■ Exercise ■
Copy out exactly the lines below that run from the one holding "Bei der Eröffnung" to the one holding "[일반 피해 하우스]", keeping both of those lines and no others.

■ Dataset entries ■

*****

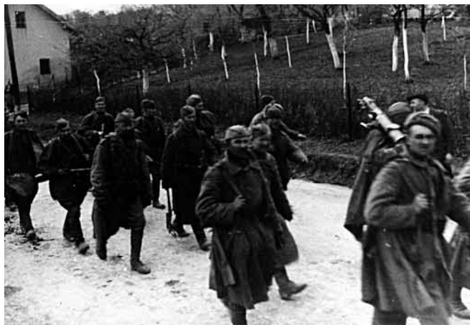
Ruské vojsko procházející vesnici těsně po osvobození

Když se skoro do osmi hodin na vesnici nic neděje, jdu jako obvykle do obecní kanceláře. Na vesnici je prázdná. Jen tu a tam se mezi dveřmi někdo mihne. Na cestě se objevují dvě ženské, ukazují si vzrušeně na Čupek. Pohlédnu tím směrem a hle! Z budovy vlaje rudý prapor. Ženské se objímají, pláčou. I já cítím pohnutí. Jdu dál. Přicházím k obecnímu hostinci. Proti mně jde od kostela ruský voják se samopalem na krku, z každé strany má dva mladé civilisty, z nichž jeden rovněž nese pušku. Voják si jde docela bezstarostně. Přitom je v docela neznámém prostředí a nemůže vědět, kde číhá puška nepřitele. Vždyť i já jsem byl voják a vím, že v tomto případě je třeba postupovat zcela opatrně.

*****

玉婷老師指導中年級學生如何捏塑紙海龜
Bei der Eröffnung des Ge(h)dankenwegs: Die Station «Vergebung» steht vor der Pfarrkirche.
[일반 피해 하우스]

*****

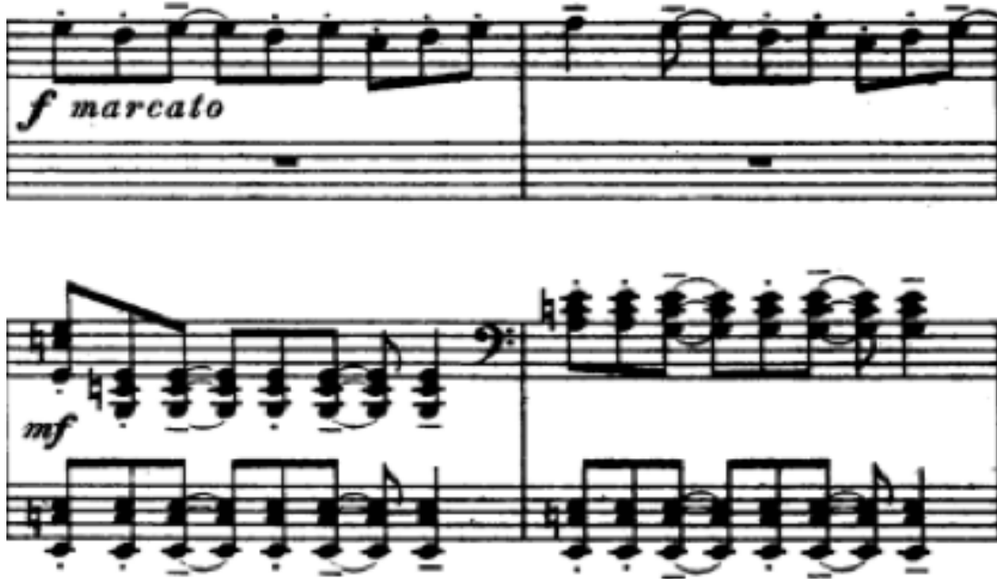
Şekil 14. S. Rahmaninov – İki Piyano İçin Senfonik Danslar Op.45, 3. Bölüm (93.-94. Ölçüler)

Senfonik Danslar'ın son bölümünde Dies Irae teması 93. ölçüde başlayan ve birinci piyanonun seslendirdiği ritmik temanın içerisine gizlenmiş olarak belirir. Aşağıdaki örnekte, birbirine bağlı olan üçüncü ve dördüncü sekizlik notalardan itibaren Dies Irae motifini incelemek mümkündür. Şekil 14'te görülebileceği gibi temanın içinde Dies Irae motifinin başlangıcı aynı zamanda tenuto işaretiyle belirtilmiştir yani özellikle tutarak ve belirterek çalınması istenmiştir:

*****

■ Response for this exercise ■
Bei der Eröffnung des Ge(h)dankenwegs: Die Station «Vergebung» steht vor der Pfarrkirche.
[일반 피해 하우스]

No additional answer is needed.